Review by Ruth Heath 16th Apr 2021

Trick Of The Light Theatre brings their newest creation, The Griegol, to Hāwea Flat Hall as part of Wānaka’s Festival of Colour. Hannah Smith, Director, and story creator along with Ralph McCubbin Howell, are the creative forces behind this one. The two 9 year old boys I have brought with me and their friend, all of us amateur theatre goers in this small rural township, are all captivated for the show’s entirety.

Striking music begins The Griegol and its 50 minutes of dynamism, cleverness and beauty. The bold sound segues to more melodic music accompanying actors in the middle of the stage with an animated screen behind. From the right of the stage the distinct sound of a violin emerges and live musician, Tristan Carter, appears softly lighted amongst an otherwise dark atmosphere.

A small flickering candle in front of Granny’s portrait and our violinist, introduces us to grief, one of the main themes of the play. Granny’s death gives rise to The Griegol, cleverly played out on screen through stop-motion animation by Ralph McCubbin Howell, and what we see the cast – Elle Wootton, Paul Waggott, Stevie Hancox-Monk, Ralph McCubbin Howell – doing stage left involving smoke, lifting and placing of screens, cranking and other intriguing puppetry techniques.    

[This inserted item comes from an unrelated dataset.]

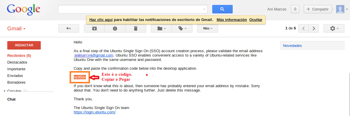 Agora pide o código de verificación que enviaron ao correo que demos, vamos ao correo ...

It’s about half way through the performance that I begin to understand the multifaceted collaboration of everything happening on stage. I am in awe of the professionalism and talent while simultaneously engaging with the story playing out in front of us, without words.  

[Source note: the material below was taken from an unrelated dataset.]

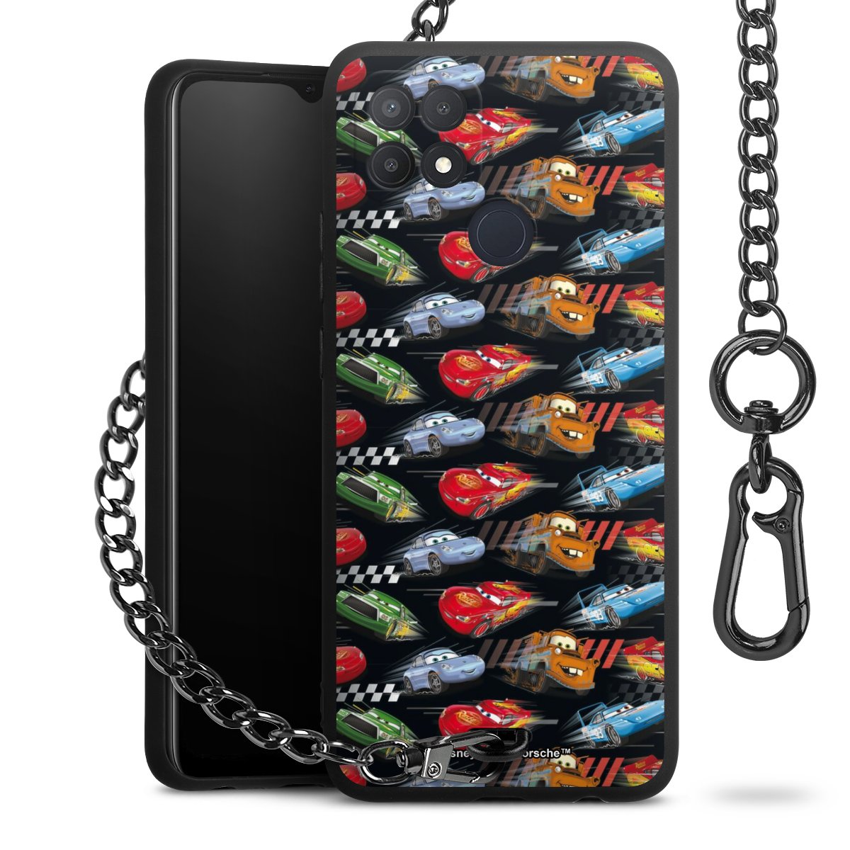 - Mattschwarze Handyhülle mit Metallkette

The protagonist, thoughtfully cast in the form of a young, expressionless girl puppet, allows us to decide the puppet’s perspective and how she navigates her grief. The girl’s puppeteer/actor, at one with the puppet, helps any searching minds in the audience with her subtle expressions in lieu of dialogue.

Griegol, the metaphorical monster of death, the unknown and the frightening, features and pervades in myriad ways amongst the characters, reaching its highest point of intensity in a darkly chaotic and magical dream scene of the child’s. The play’s darkest moment gives way to the beginning of a new theme, beautifully played out in the story with a symbolic key unlocking love and connection. A release of tension ensues for the audience and perhaps a moment of catharsis for anyone who has experienced grief and its flipside; this is a moving moment for me. All of this is juxtaposed against the connected technical expertise, acting and brilliance of the performance itself.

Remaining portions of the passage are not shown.